First Virginia countered by continuing to emphasize superior customer service, expense control, and offered new products (including annuities, a discount brokerage, and an assest allocation account using mutual funds). The firm began to be called a "Super Community Bank," referring to its blending of both the ideals and names of super-regionals and small community institutions. First Virginia maintained this corporate culture through a very decentralized management structure: each of the holding company's member banks and subsidiaries had its own board of directors, chief executive officer, and loan authority up to the legal limit of the bank. This organizational strategy kept each of the holding company's 20 banks in touch with local needs and helped lower the number of nonperforming loans. Moreover, the federation of the banks maximized economies of scale, with centralized, on-line computer processing and other more efficient administrative functions. In 1993, First Virginia's 56 percent efficiency ratio (a comparison of non-interest overhead to net operating revenue) was significantly better than the industry average of over 60 percent.

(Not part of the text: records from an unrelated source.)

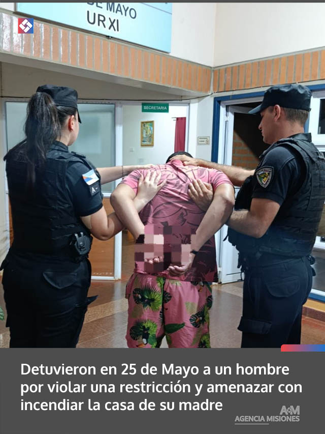 AGENCIA MISIONES.UNO | El acusado, de 35 años, desobedeció una orden judicial de prohibición de acercamiento, amenazó de muerte a su madre y advirtió que prendería fuego la vivienda. Fue detenido tras un rápido operativo policial.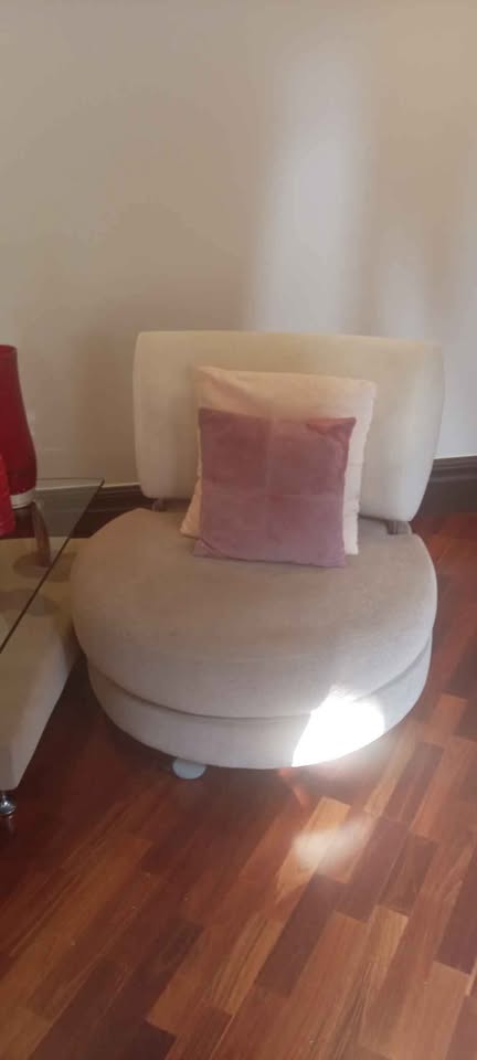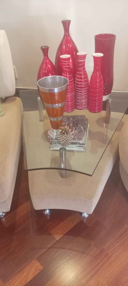 Stunning Sectional Luxurious Lounge Suite - 5 Seater - 6 Piece Description: Experience elegance with this luxurious lounge suite, featuring a sectional glass top side table and a glass top centre table. The suite is in excellent used condition. Configuration: The suite comprises three single-seater sections and one double-seater section, offering flexible arrangement options. The glass top side table can be placed according to your preference, complemented by an oval-shaped centre table. Key Features: - 5-seater luxurious lounge suite - Sectional glass top side table - Glass top oval-shaped centre table - Excellent used condition - Elegant design with flexible configuration options Serious buyers only Collection from Bedfordview. Please contact Jackie on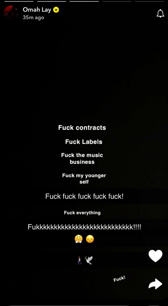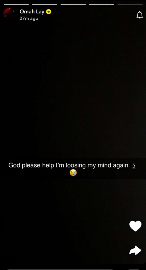 Singer Omah Lay has sparked concern among fans after going on a rant on Snapchat.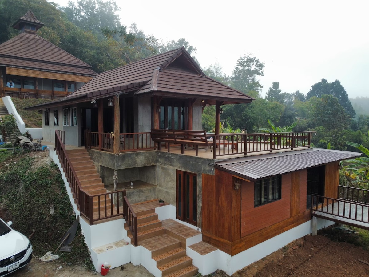 Tempat peristirahatan di lereng bukit yang terpencil hanya 7 menit dari kota, menawarkan pemandangan Sungai Pai yang menakjubkan dalam kemewahan yang tenang.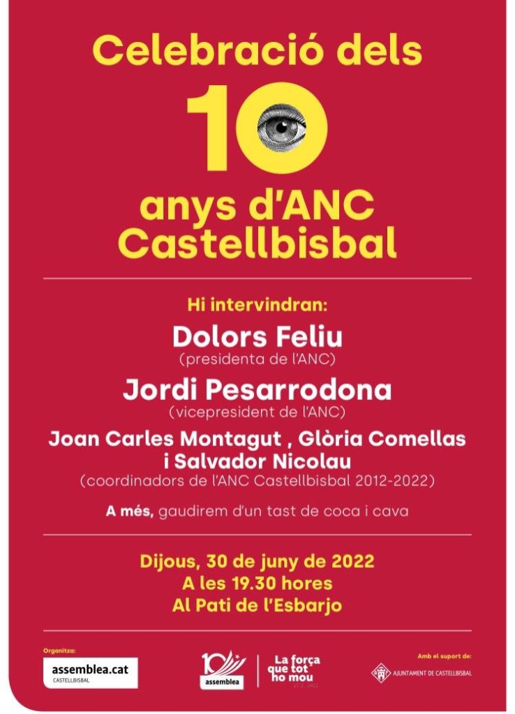 El dijous 30 de juny, a Castellbisbal, es farà l’acte de celebració dels 10 anys de l’Assemblea Nacional Catalana.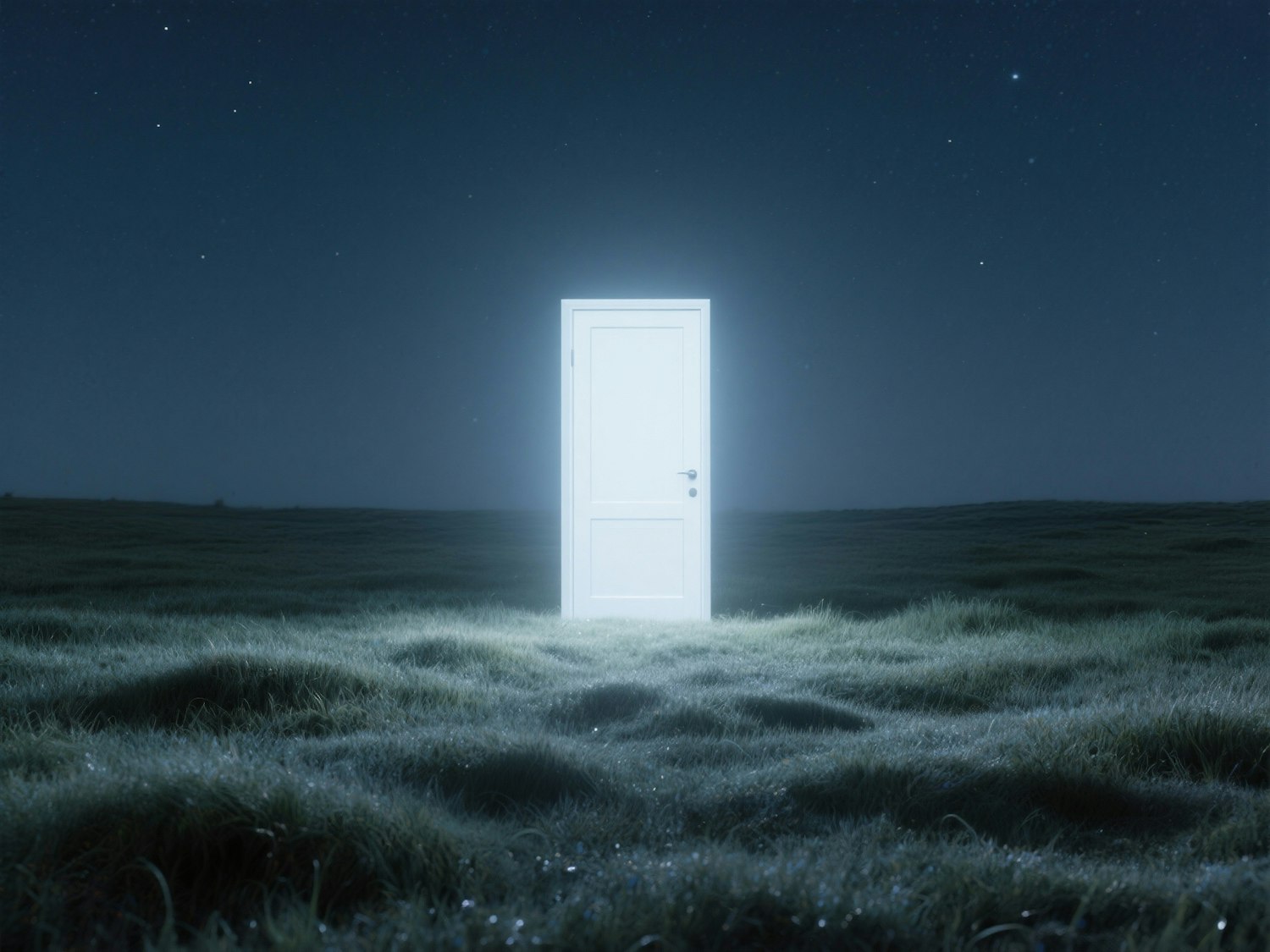 A glowing white door in a grassy field under a starry night sky, creating a mysterious and surreal atmosphere.

While First Virginia professed no grand growth aspirations, it did expect to acquire more banks in central and southern Maryland and east Tennessee before the end of the twentieth century. Criteria for acquisition included clean loan portfolios and a compatible corporate culture. In 1993, First Virginia recorded its 17th consecutive year of dividend increases, and its capital ratio (a key banking indicator) ranked first in the top five percent of the United States' largest banking companies. Moreover, as rising interest rates, intensifying competition from several angles, and regulatory challenges converged in the last decade of the twentieth century, the institution's top executives hinted in 1993's annual report that they may be inclined to take some risks in the years to come but will continue to adhere to its primary goal of operating a safe and sound banking institution while providing a good return to shareholders.

Principal Subsidiaries: First Virginia Bank--Central Maryland; First Virginia Bank--Maryland; First Virginia Bank--Central; First Virginia Bank--Colonial; First Virginia Bank--Commonwealth; First Virginia Bank--South Hill; First Virginia Bank of Tidewater; First Virginia Bank--Shenandoah Valley; First Virginia Bank--Clinch Valley; First Virginia Bank--Franklin County; First Virginia Bank--Highlands; First Virginia Bank--Piedmont; First Virginia Bank--Southside; First Virginia Bank--Southwest; Bank of Madisonville; First Virginia Bank--Mountain Empire; Tri-City Bank and Trust Co.; First Virginia Mortgage Co.; First General Mortgage Co.; First Virginia Life Insurance Co.; First Virginia Insurance Services Inc.; First Virginia Services, Inc.; Northern Operations Center, Inc.; Eastern Operations Center, Inc.; Southwest Operations Center, Inc.; Tennessee Operations Center Inc.; Springdale Advertising Agency, Inc; United Southern; First Knoxville Bank; Farmers Bank of Maryland; Atlantic Bank and Caroline County Bank.







Further Reading:


Feinberg, Mark, "Whose Heads Are on the Bank Takeover Block?," Bankers Monthly, March 1990, pp. 19--24.
First Virginia Banks, Inc., A World of Difference, Falls Church, Virginia: First Virginia Banks, Inc., 1994.
Rice, Harvey, "Tried and True First Virginia," Bank Management, September 1993, pp. 31--37.
Stillinger, Richard I., "Riches Among the Ruins," Bankers Monthly, October 1990, pp. 74--79.